Content starts
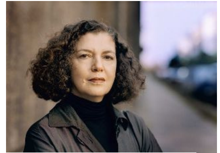
AdK_Hatoum_Portraet Mona Hatoum Fotograf Jim Rakete © Mona Hatoum
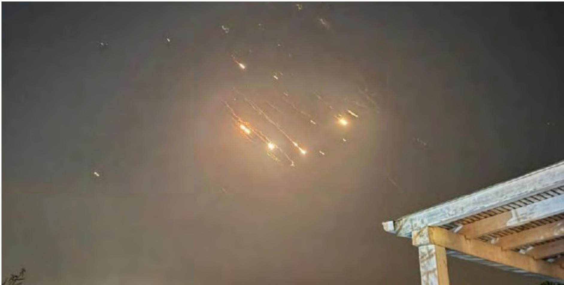
האיראנים יוצאים למלחמה ישירה. ליל היירוטים (שימוש על פי סטיף א27)

סופו של דבר, אחרי שבוע של דיונים, הנפיקה היועמ"שית את עמדתה המנומקת בשעות הערב של יום שני, בדמדומי עצרות הזיכרון של השביעי לעשירי, ובו הכריעה באופן נחרץ "לא ניתן להכשיר את הפתק של המועמד לרב ראשי אשכנזי שנמצא במעטפה של הבחירות לרב הראשי הספרדי ובקלפי של בחירות אלה, ולייחס אותו למעטפה הריקה שנמצאה בקלפי של הרב הראשי האשכנזי". וכמובן, קובעת היועמ"שית כי יש "להיערך בהקדם לסכב בחירות נוסף לרב האשכנזי".
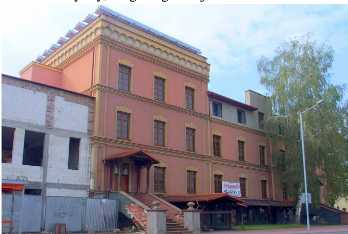
Fot. nr 13. Hotel Fabryczny, ul. Sandomierska 4

Pozostałe obiekty zabytkowe, wartościowe dla krajobrazu kulturowego miasta to dawny hotel fabryczny wzniesiony w 1905r., z elementami neogotyckimi w wystroju, ob. remontowany budynek dworca PKP wzniesiony w latach 1885-1886, w stylu typowym dla budynków dworców kolejowych tego okresu; obiekt nieczynny, ulega degradacji.
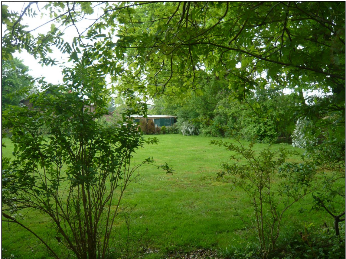
Abbildung 5: Rückwärtige Gartenbereiche mit überwiegendem Rasenanteil und einrahmenden Gehölzbeständen.

nach der dominierenden Nutzung und Ausprägung als Scherrasen (GR), Naturgärten (PHN) und Siedlungsgehölzen (HSE) unterschieden.
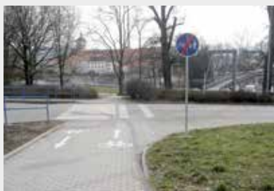
Označení na cyklostezce před pivovarem.
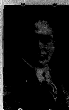
Presidente Getulio Vargas

Conforme estava anunciado, passou ontem por esta capital, ás 14,30 horas, a bordo do hidroavião «Caicara», o sr. dr. Getulio Vargas, Presidente da Republica, que vai a Porto Alegre assistir á inauguração dos festejos comemorativos do Centenario Farrroupilha.
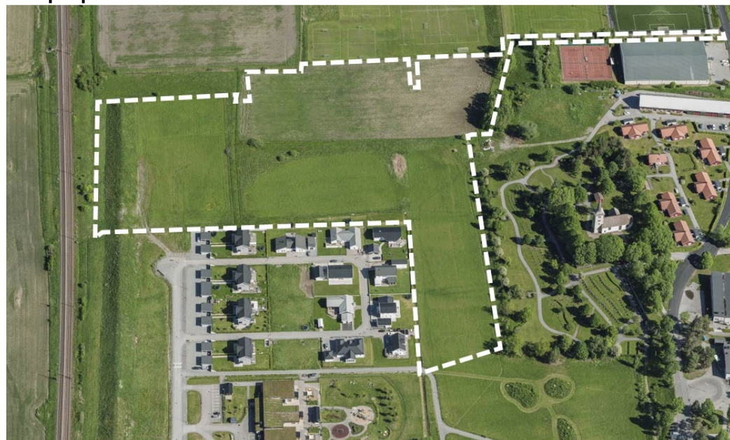
Bild på planområde

Syftet med detaljplanen är att möjliggöra för ny bostadsbebyggelse i form av småhus, flerbostadshus, radhus, parhus och liknande samt ett gruppboende. Detaljplanen ska bidra med att utveckla stadens norra del och skapa en sammanhängande stadsstruktur. Bebyggelsen och parkmiljön närmast Hovsta kyrka ska anpassas för att ta hänsyn till kyrkans kulturmiljö. I norra delen av staden finns ett högt bebyggelsetryck samt flera utpekade utbyggnadsområden som behöver utvecklas för att kommunen ska klara sitt bostadsförsörjningsansvar. Stor del av den förväntade befolkningsökningen fram till 2040 kommer ske i utpekade utvecklingsområden. Att utveckla bostäder här innebär även ett utökat befolkningsunderlag för att fortsätta utvecklingen av Lillån center som en kommunal kärna.
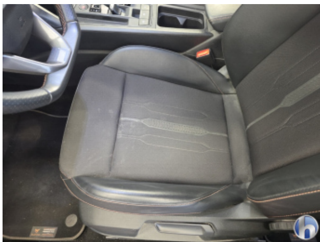
2. Sitz - Vorne - Links: Kissen Fleck - Reinigen
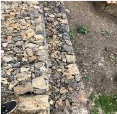
DESCRIPCION: Visita a obra
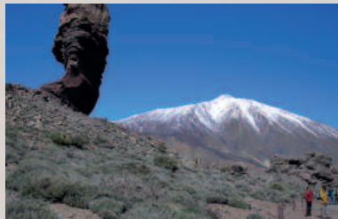
Pico de Teide auf Teneriffa
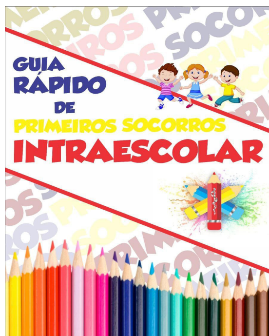
Imagem 2: Capa do e-book. Manaus, AM, Brasil, 2021.

Todo o processo de edição do e-book foi feito por meio do programa Coreldraw 2019, sendo composta por 34 páginas contendo capa, contra capa, sumário, apresentação, desenvolvimento e referências bibliográficas. A capa pode ser identificada na imagem abaixo (Imagem 2).
Content ends
> [Exercise goal]: For this exercise, reproduce exactly the lines of the records above from the one with "Conforme estava anunciado, passou" up to and including the one with "Syftet med detaljplanen", without pictures.

> [Answer section]:
Conforme estava anunciado, passou ontem por esta capital, ás 14,30 horas, a bordo do hidroavião «Caicara», o sr. dr. Getulio Vargas, Presidente da Republica, que vai a Porto Alegre assistir á inauguração dos festejos comemorativos do Centenario Farrroupilha.
Bild på planområde

Syftet med detaljplanen är att möjliggöra för ny bostadsbebyggelse i form av småhus, flerbostadshus, radhus, parhus och liknande samt ett gruppboende. Detaljplanen ska bidra med att utveckla stadens norra del och skapa en sammanhängande stadsstruktur. Bebyggelsen och parkmiljön närmast Hovsta kyrka ska anpassas för att ta hänsyn till kyrkans kulturmiljö. I norra delen av staden finns ett högt bebyggelsetryck samt flera utpekade utbyggnadsområden som behöver utvecklas för att kommunen ska klara sitt bostadsförsörjningsansvar. Stor del av den förväntade befolkningsökningen fram till 2040 kommer ske i utpekade utvecklingsområden. Att utveckla bostäder här innebär även ett utökat befolkningsunderlag för att fortsätta utvecklingen av Lillån center som en kommunal kärna.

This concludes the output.